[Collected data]
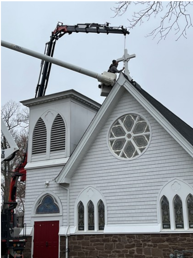
Check out that crane! Not an easy task!
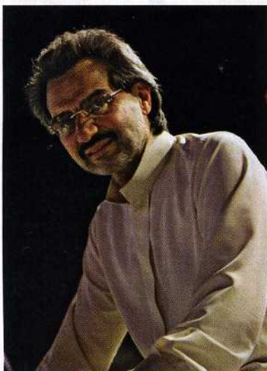
Prince Alwaleed: A bank tax is "premature"
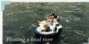
Floating a local river
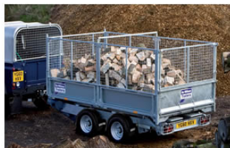
Ifor Williams Tipping Trailers
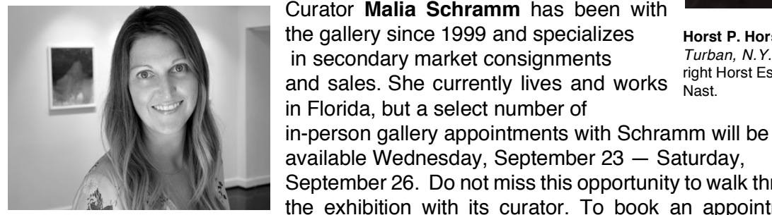
please click here.
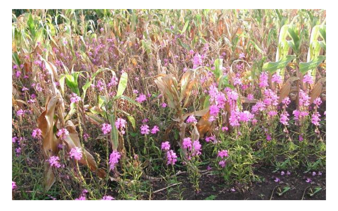
Figure 4: New Striga weed (purple flowers) in a plot of maize affecting crop. Striga emerges as a result of changes in local climate change.

problems occasioned by destruction of local trees for charcoal, timber and firewood for sale on market (PAI 2014). This also aims at salvaging drying local springs and water streams due to prolonged incidences of climate change drought and also occasioned by increasing vulnerability from flash floods runoff from denuded grounds in some parts of Alego Usonga (SRCF 2009). Water body streams and local springs are important for small scale sustainable agricultural production and drinking clean safe water can eliminated rampant diseases exposures occurring due to poor sanitation like diarrhea and cholera outbreaks a common illness in Lower Nzoia (FAO 2014). The national policy concern initiated in five year action plan was to harmonise climate change and adaptation processes, national, county and sub county government laws and bylaws with regards to agricultural development and food production, land issues and environmental conservation.
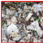
Leaves, Mulch and Compost
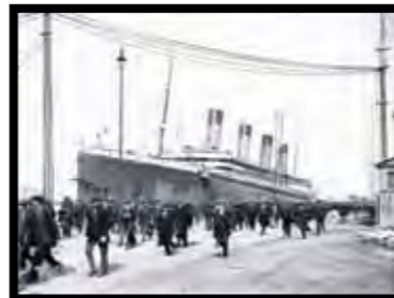
The Titanic weighed in at 45,000 kilos.
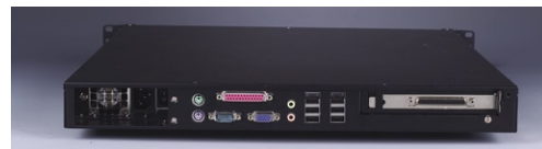
200W ATX PFC P/S & rear panel of motherboard version
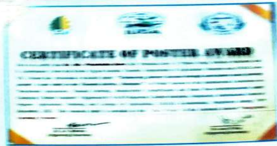
Best Poster presentation-Enhancing farmers income through horticulture based farming
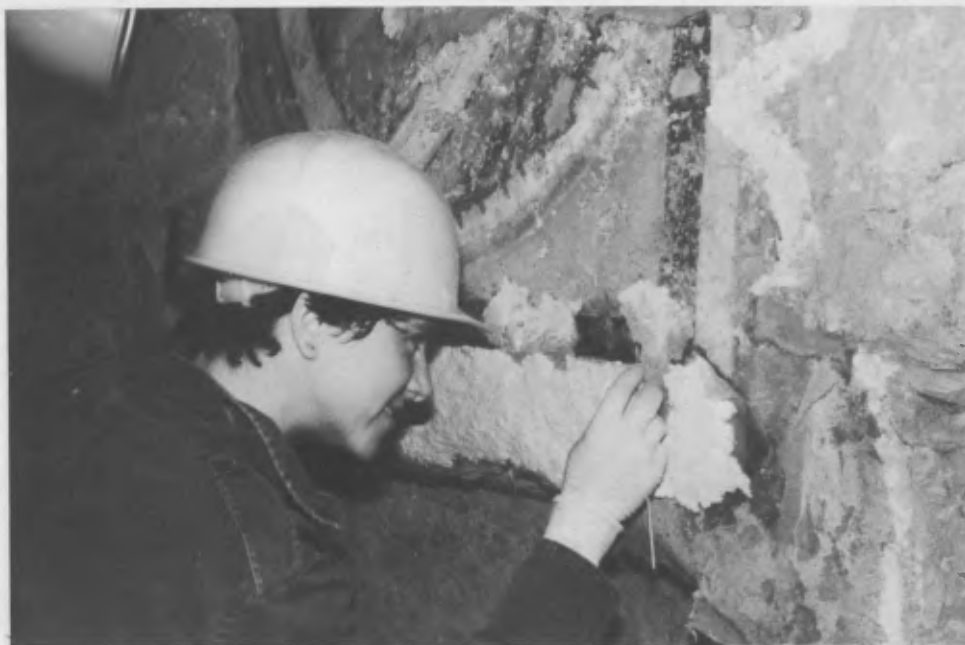
A MUR85 participant at work on one of the eighth-century paintings of Santa Maria Antiqua, in the Roman Forum.

In addition to visits to local laboratories, two study tours were organized, one to northern Italy and the other to Naples, Pompeii and Herculaneum. The programme also included visits to restoration labs in Florence, Bologna, Faenza, and Venice.
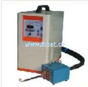
HX-10AB-UHF Ultra-High Frequency Induction Heating Machine
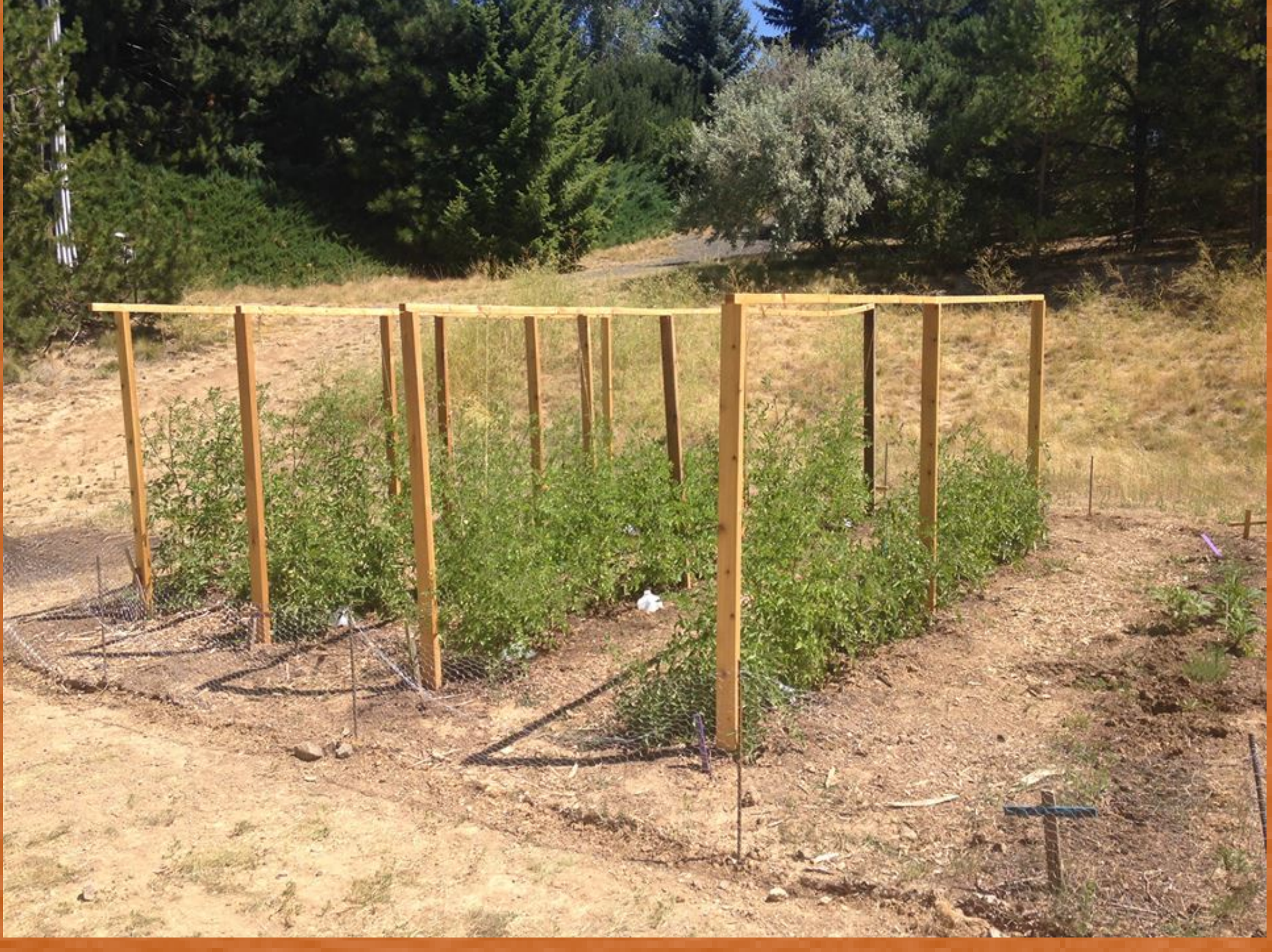
Tomato plants at Lincoln Middle School in Pullman, WA. Two YMCA classes are taught each week here. To the Right are labels of the two types of tomatoes grown here: Mexican Midgets and Early Wonders.

> **Task requirements**: If a picture sits between the line containing "please click here." and the line containing "Figure 4: New", leave it out, and return the lines of that range above exactly, both ends included.

> **Task result**:
please click here.
Figure 4: New Striga weed (purple flowers) in a plot of maize affecting crop. Striga emerges as a result of changes in local climate change.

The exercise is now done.